They demonstrated that an abnormal form of tau protein, as it occurs in Alzheimer's disease, could be produced in very simple cell models in an unambiguous way.
They also show an example of a chemical compound, found in nature, which is highly effective to completely suppress the abnormal changes of tau.
Researchers have developed a simple cellular assay for the pathological modification of tau protein by abnormal hyperphosphorylation, as seen in Alzheimer's disease and a variety of other neurological disorders (tauopathies).

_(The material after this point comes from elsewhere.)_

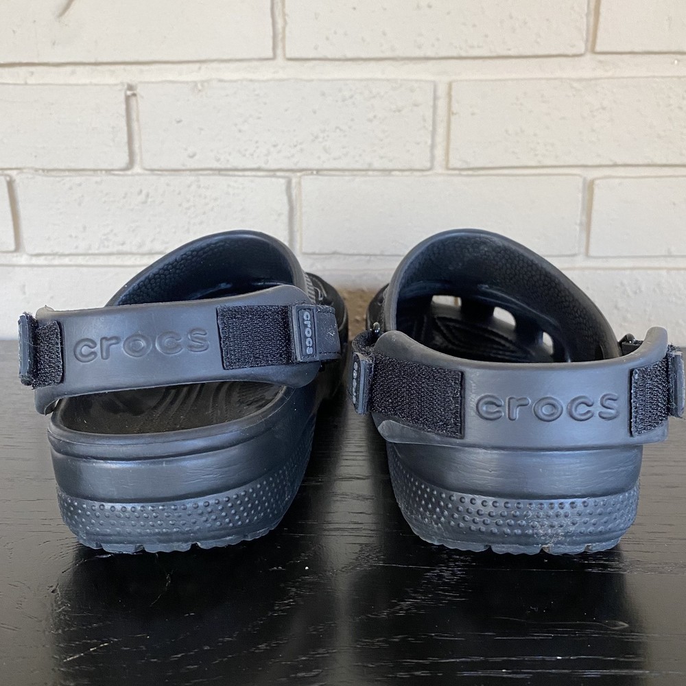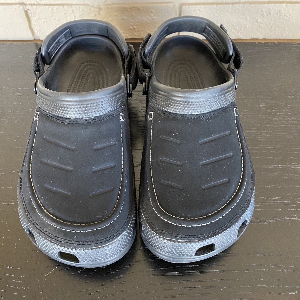 The CROCS Men's Classic Yukon Vista II Clog Sandal in Black is perfect for any casual or outdoor activity. The slip-on style and hook & loop closure make them easy to wear and the synthetic leather upper material provides a comfortable fit. The rubber outsole and synthetic lining material ensure durability and breathability, making them suitable for beach, hiking, or travel occasions. These sandals also feature an adjustable and rugged design with a classic solid pattern and logo accents. The medium shoe width and rubber insole material add to the overall comfort of the shoe. The Yukon Vista product line and crocs brand name provide a reliable and stylish addition to any wardrobe.

The assay could be utilized to screen for drugs against these disorders, and the discovery of a very effective small molecule is described as an example.
Tau proteins are a family of neuron-specific proteins thought to play a significant role in the organization of the skeleton of nerve cells.
This protein has been known to be abnormally modified in degenerating neurons in Alzheimer's disease in a process called neurofibrillary degeneration.
And this form of neurodegeneration is believed to be the leading cause of the massive loss of brain mass and function in many dementias, and its inhibition can be expected to change the prognosis of Alzheimer's disease significantly.
Cell models are important tools to examine the molecular mechanisms involved in specific disease processes, and also the mechanisms of drugs, which act against them.
For the process of tau hyperphosphorylation, credible models with utility for drug discovery have not been established to date.
However, the model developed at Sirenade AG under the leadership of Dr. Hanno Roder, fills this important gap.
The study is published in the April issue of the Journal of Alzheimer's Disease.